3. The cable stress testing fixture of claim 1, wherein: Two limiting rings (14) are fixedly sleeved on the outer circumferential surface of the lead screw (3). The two limiting rings (14) are respectively set on both sides of the first bracket (2). The side of the limiting ring (14) closest to the first bracket (2) is in contact with the first bracket (2).
4. The cable stress testing fixture of claim 1, wherein: The first bracket (2) has two limiting holes (15) inside, and the outer surface of the positioning plate (5) is slidably connected to the first bracket (2) through the limiting holes (15).
5. The cable stress testing fixture of claim 1, wherein: Each of the positioning plates (5) has an anti-slip pad (16) fixedly connected to its outer surface.

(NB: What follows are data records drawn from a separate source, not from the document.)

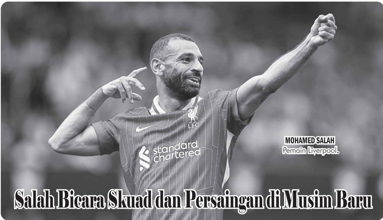
MOHAMED SALAH Pemain Liverpool.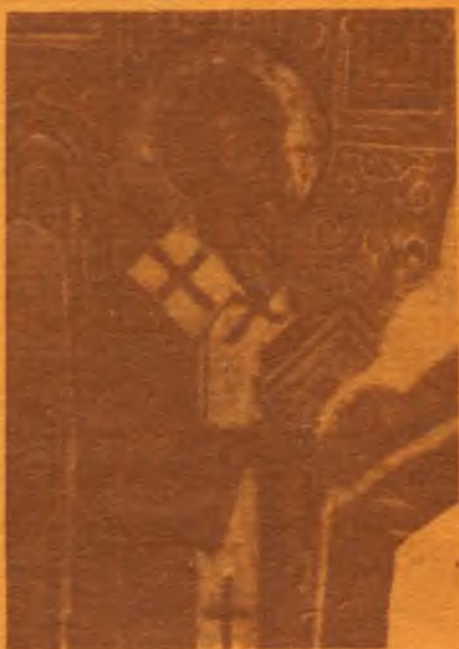
Святитель. Фрагмент композиции «Покрова Богородицы»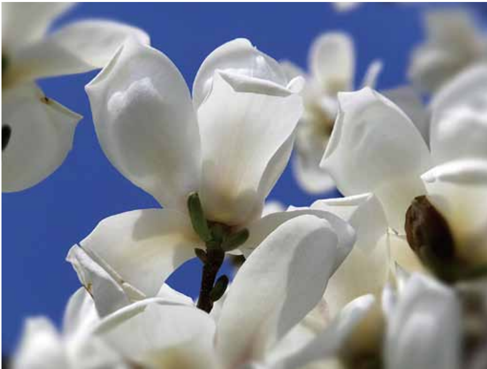
〔4月の花〕 白木蓮 (ハクモクレン)

The anti-slip pad (16) is made of rubber.
6. The cable stress testing fixture of claim 1, wherein: Two guide blocks (17) are fixedly connected to the outer surface of the pressure plate (9), and two guide holes (18) are opened inside the second bracket (6). The guide blocks (17) are slidably connected to the second bracket (6) through the guide holes (18).
7. The cable stress testing fixture of claim 1, wherein: One side of the base (10) is fixedly connected to an equally spaced lighting lamp (19), which is symmetrically arranged on both sides of the high-definition camera (11).
8. The cable stress testing fixture of claim 1, wherein: Two mounting plates (20) are fixedly connected to the outer surface of the base plate (1), and the mounting plates (20) have equidistantly arranged positioning holes inside.